Find the line below with "Calender Month |" and the line with "Удобно, что есть". Output them and the lines between, exactly, but not the pictures.

Source records:
★ ★ ★ ★ ★ ★ ★

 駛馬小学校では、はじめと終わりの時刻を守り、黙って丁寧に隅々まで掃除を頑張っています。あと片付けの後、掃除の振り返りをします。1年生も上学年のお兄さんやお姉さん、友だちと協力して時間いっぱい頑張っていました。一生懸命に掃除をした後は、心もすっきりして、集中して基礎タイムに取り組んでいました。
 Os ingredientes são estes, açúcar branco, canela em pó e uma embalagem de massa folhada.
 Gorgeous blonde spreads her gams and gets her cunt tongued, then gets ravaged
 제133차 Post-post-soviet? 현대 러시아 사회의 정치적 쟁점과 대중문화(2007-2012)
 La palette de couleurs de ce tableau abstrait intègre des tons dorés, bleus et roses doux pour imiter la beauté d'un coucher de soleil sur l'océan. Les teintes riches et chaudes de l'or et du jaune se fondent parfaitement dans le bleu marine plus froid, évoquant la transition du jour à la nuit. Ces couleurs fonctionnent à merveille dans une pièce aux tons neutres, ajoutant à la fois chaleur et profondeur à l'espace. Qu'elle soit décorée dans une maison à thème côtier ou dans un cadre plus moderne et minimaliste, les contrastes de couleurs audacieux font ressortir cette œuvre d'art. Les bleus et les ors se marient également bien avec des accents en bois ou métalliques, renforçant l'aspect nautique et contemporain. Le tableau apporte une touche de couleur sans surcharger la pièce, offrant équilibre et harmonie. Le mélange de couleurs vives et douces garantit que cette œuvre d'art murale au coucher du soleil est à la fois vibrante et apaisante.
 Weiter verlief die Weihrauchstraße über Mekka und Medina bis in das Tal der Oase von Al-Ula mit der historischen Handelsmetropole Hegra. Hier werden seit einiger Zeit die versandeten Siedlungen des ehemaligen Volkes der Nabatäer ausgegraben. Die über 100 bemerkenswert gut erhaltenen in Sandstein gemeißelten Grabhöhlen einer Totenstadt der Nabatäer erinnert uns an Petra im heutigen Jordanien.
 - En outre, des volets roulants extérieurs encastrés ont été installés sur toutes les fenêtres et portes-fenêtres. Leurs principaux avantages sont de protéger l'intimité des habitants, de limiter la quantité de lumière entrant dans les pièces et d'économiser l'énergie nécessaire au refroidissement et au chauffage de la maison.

★ ★ ★ ★ ★ ★ ★

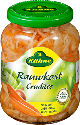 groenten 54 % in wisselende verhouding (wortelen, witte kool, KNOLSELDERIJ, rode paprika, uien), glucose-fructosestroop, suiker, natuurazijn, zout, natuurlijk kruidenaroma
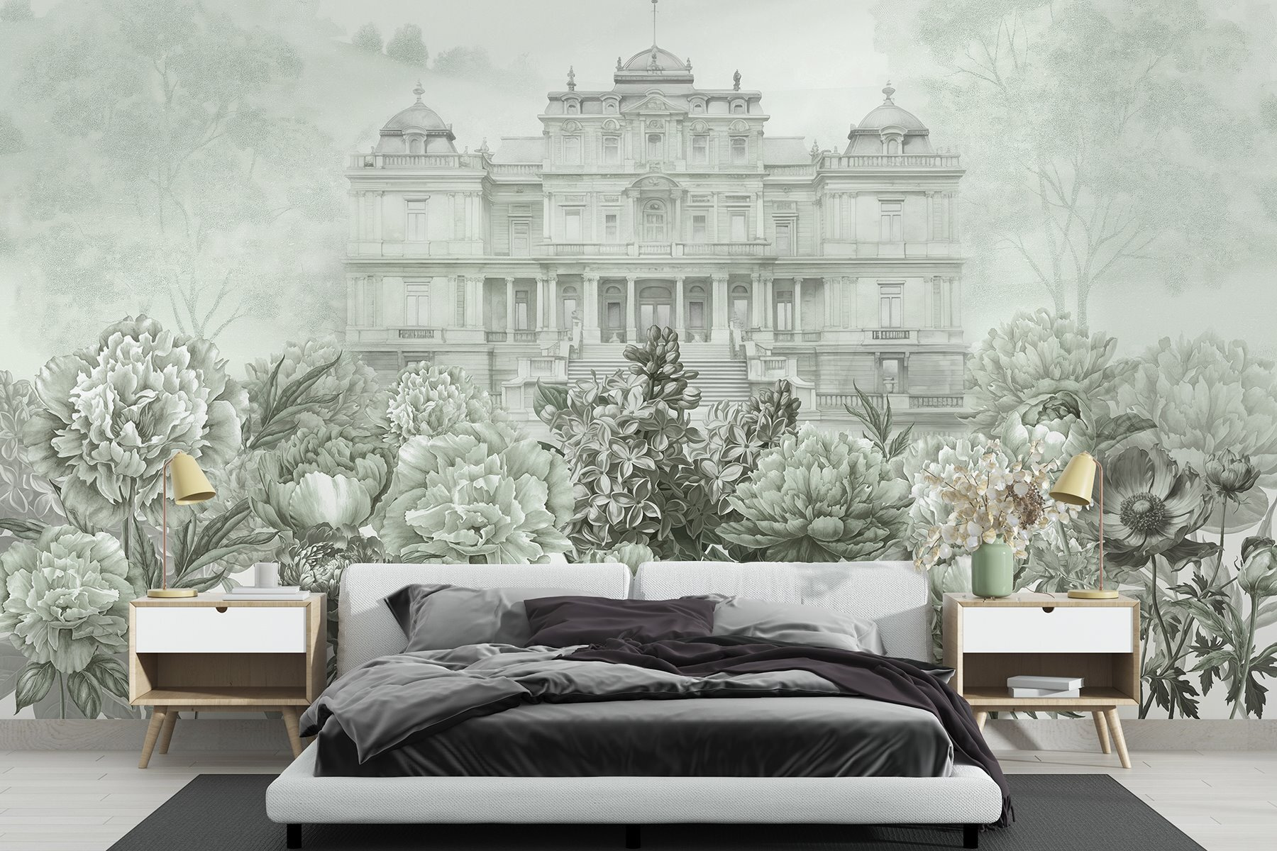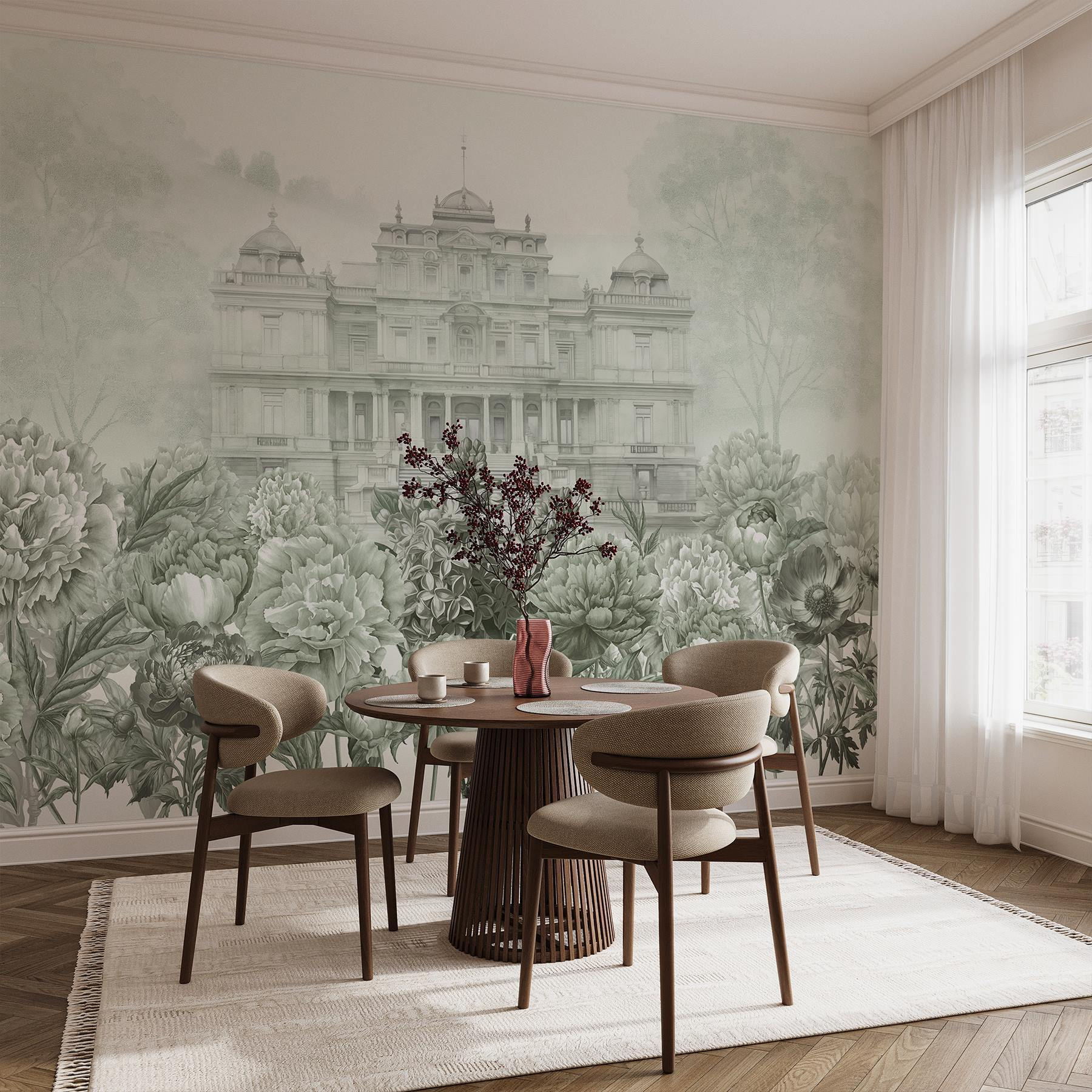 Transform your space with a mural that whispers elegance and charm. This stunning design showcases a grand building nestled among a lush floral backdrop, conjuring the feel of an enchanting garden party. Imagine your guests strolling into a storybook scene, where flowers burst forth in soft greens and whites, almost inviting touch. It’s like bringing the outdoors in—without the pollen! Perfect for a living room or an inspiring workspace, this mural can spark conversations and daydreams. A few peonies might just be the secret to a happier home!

★ ★ ★ ★ ★ ★ ★

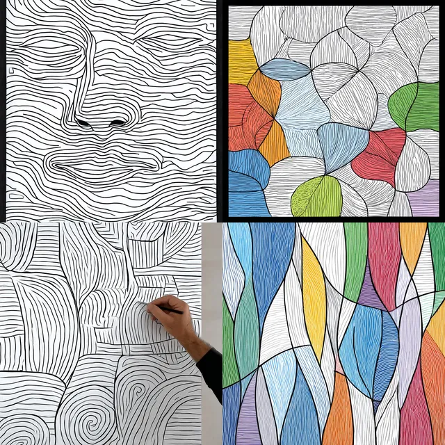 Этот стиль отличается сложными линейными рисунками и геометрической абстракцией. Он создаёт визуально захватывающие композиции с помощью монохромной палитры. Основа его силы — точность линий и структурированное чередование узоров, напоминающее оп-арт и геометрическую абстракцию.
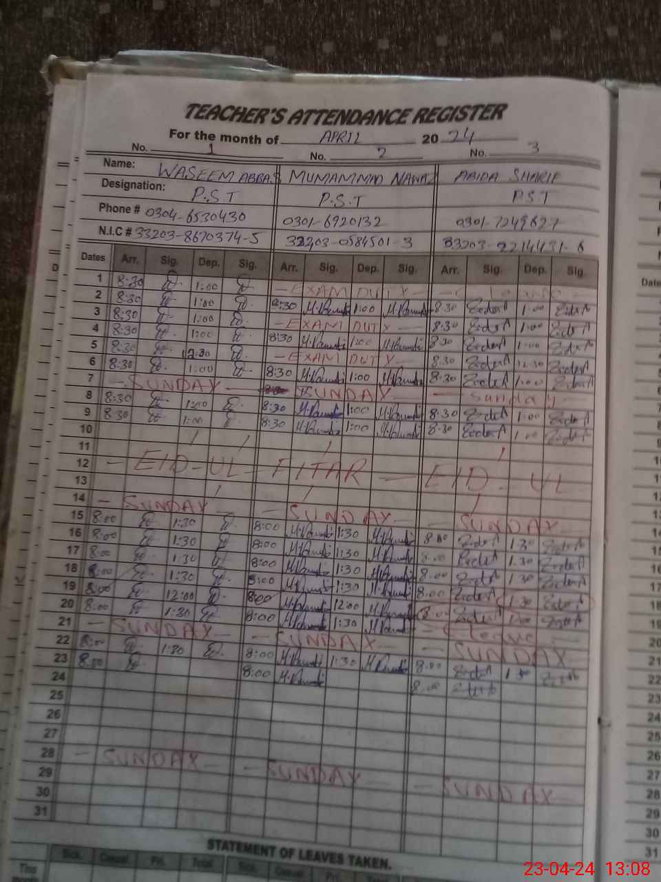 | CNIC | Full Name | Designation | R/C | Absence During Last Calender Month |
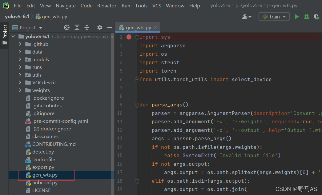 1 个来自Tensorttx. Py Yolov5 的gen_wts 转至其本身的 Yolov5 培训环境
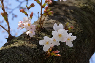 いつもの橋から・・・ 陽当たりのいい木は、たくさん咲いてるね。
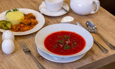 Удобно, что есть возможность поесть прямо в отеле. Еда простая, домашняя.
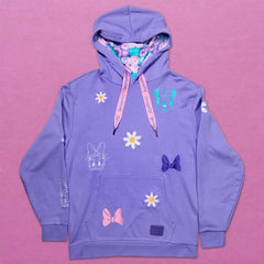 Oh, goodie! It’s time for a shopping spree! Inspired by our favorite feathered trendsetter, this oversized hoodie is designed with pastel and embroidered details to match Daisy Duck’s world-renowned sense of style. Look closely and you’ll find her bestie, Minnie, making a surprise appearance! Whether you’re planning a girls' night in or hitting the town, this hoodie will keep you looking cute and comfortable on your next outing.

★ ★ ★ ★ ★ ★ ★

Solved exercise:
 | CNIC | Full Name | Designation | R/C | Absence During Last Calender Month |
 1 个来自Tensorttx. Py Yolov5 的gen_wts 转至其本身的 Yolov5 培训环境
 いつもの橋から・・・ 陽当たりのいい木は、たくさん咲いてるね。
 Удобно, что есть возможность поесть прямо в отеле. Еда простая, домашняя.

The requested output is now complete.